_What this task involves_
When you set down the entries, keep every word exactly as it is but drop the pictures.

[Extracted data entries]
━━━━━━━━━━
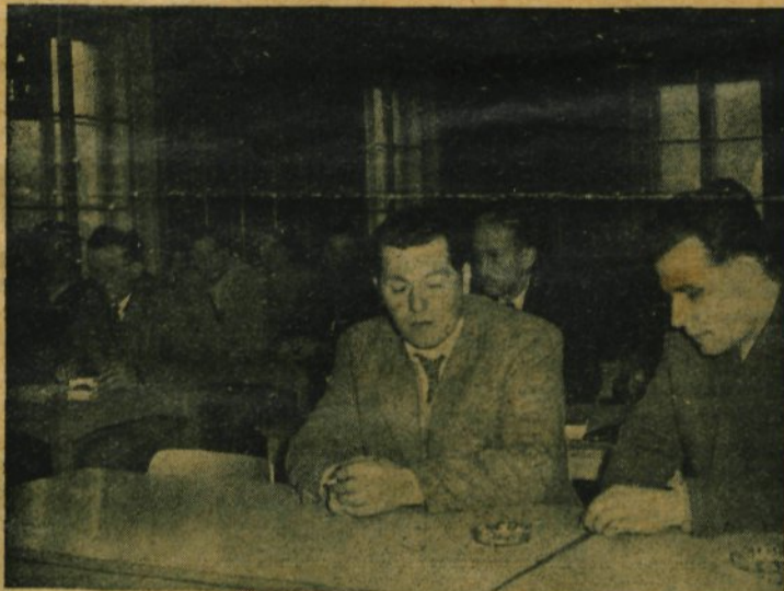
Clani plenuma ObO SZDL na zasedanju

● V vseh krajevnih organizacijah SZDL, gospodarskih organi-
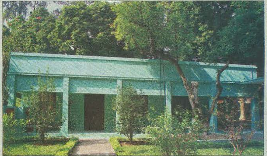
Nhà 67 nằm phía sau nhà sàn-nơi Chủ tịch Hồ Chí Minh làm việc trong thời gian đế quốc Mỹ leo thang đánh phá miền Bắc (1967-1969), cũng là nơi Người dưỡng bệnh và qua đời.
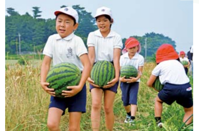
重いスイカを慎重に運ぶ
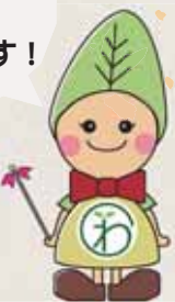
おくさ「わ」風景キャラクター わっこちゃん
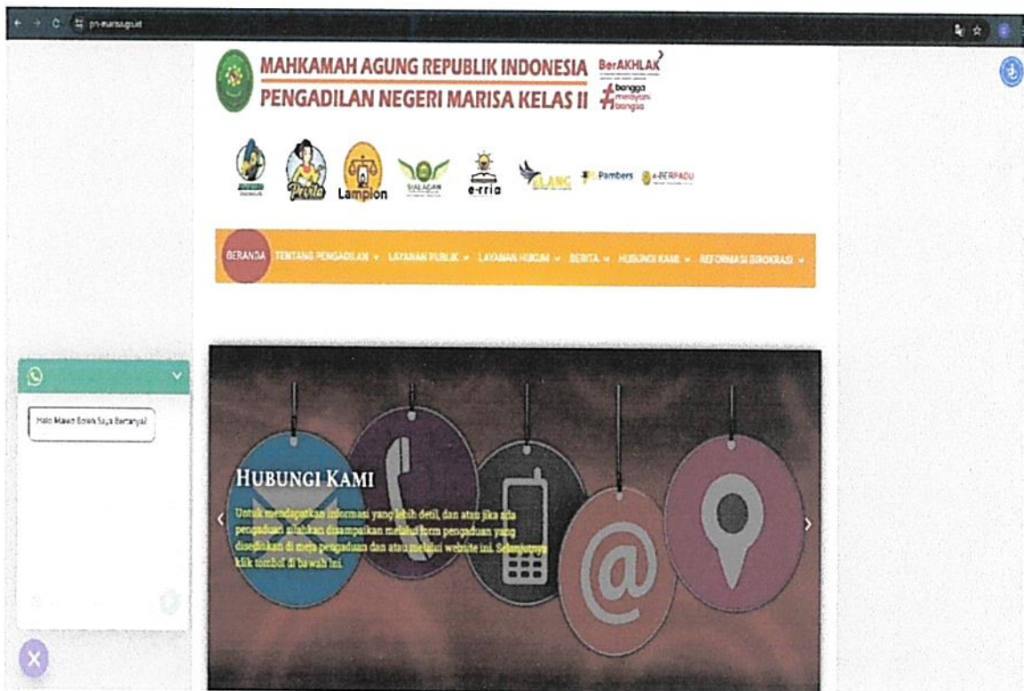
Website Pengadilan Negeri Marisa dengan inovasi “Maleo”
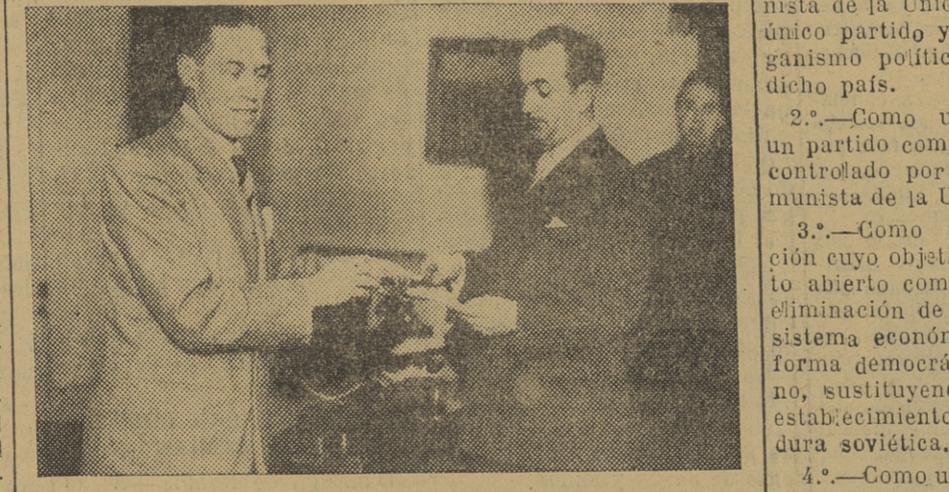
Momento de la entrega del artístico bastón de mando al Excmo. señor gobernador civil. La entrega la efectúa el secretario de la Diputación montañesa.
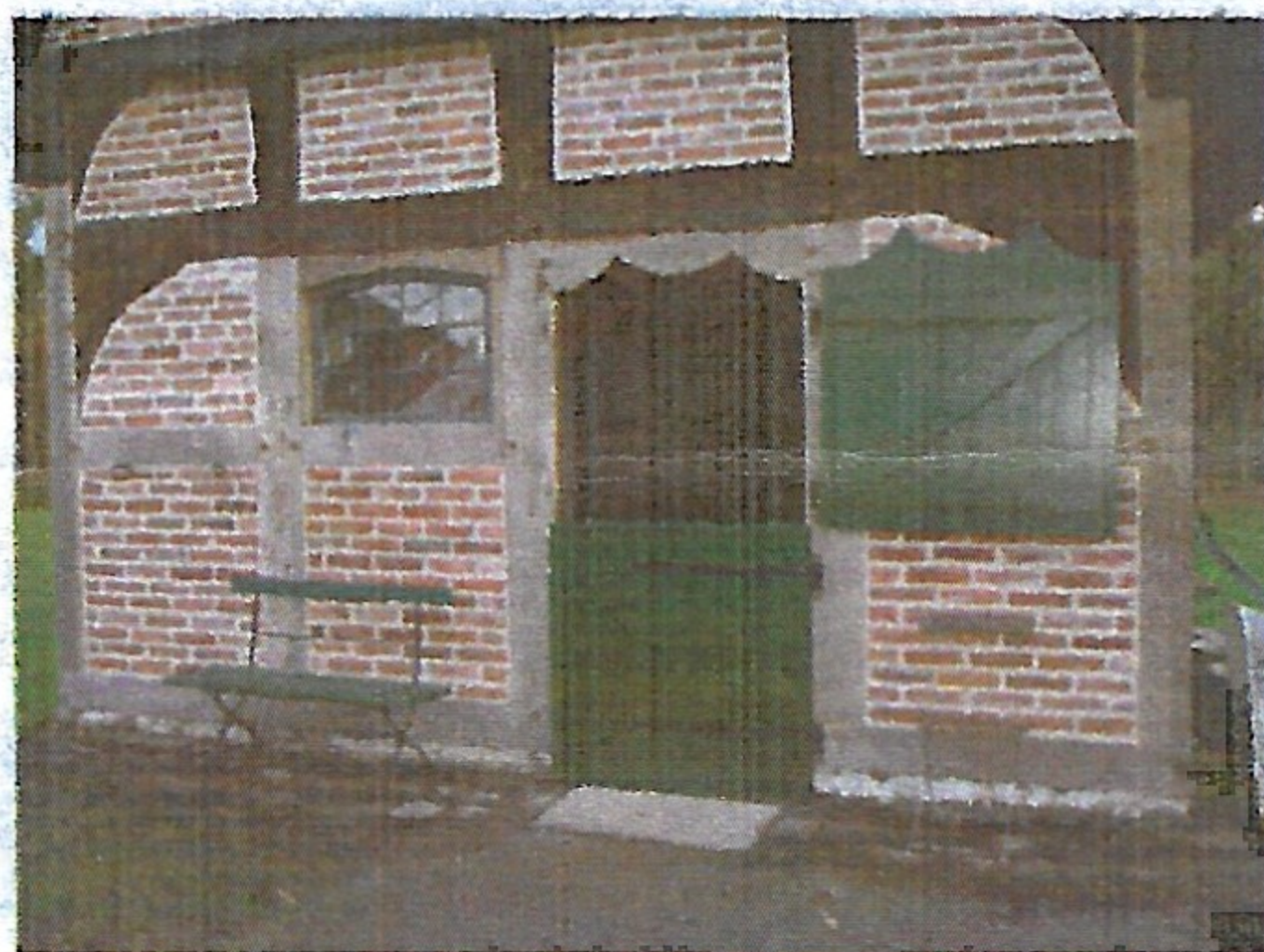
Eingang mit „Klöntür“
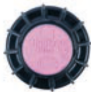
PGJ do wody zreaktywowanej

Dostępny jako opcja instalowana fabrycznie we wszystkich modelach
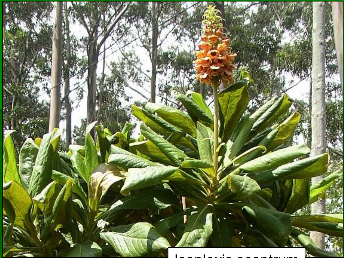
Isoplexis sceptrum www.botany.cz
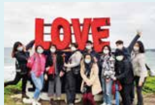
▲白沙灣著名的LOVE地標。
━━━━━━━━━━
_The completed task_
Clani plenuma ObO SZDL na zasedanju

● V vseh krajevnih organizacijah SZDL, gospodarskih organi-
Nhà 67 nằm phía sau nhà sàn-nơi Chủ tịch Hồ Chí Minh làm việc trong thời gian đế quốc Mỹ leo thang đánh phá miền Bắc (1967-1969), cũng là nơi Người dưỡng bệnh và qua đời.
重いスイカを慎重に運ぶ
おくさ「わ」風景キャラクター わっこちゃん
Website Pengadilan Negeri Marisa dengan inovasi “Maleo”
Momento de la entrega del artístico bastón de mando al Excmo. señor gobernador civil. La entrega la efectúa el secretario de la Diputación montañesa.
Eingang mit „Klöntür“
PGJ do wody zreaktywowanej

Dostępny jako opcja instalowana fabrycznie we wszystkich modelach
Isoplexis sceptrum www.botany.cz
▲白沙灣著名的LOVE地標。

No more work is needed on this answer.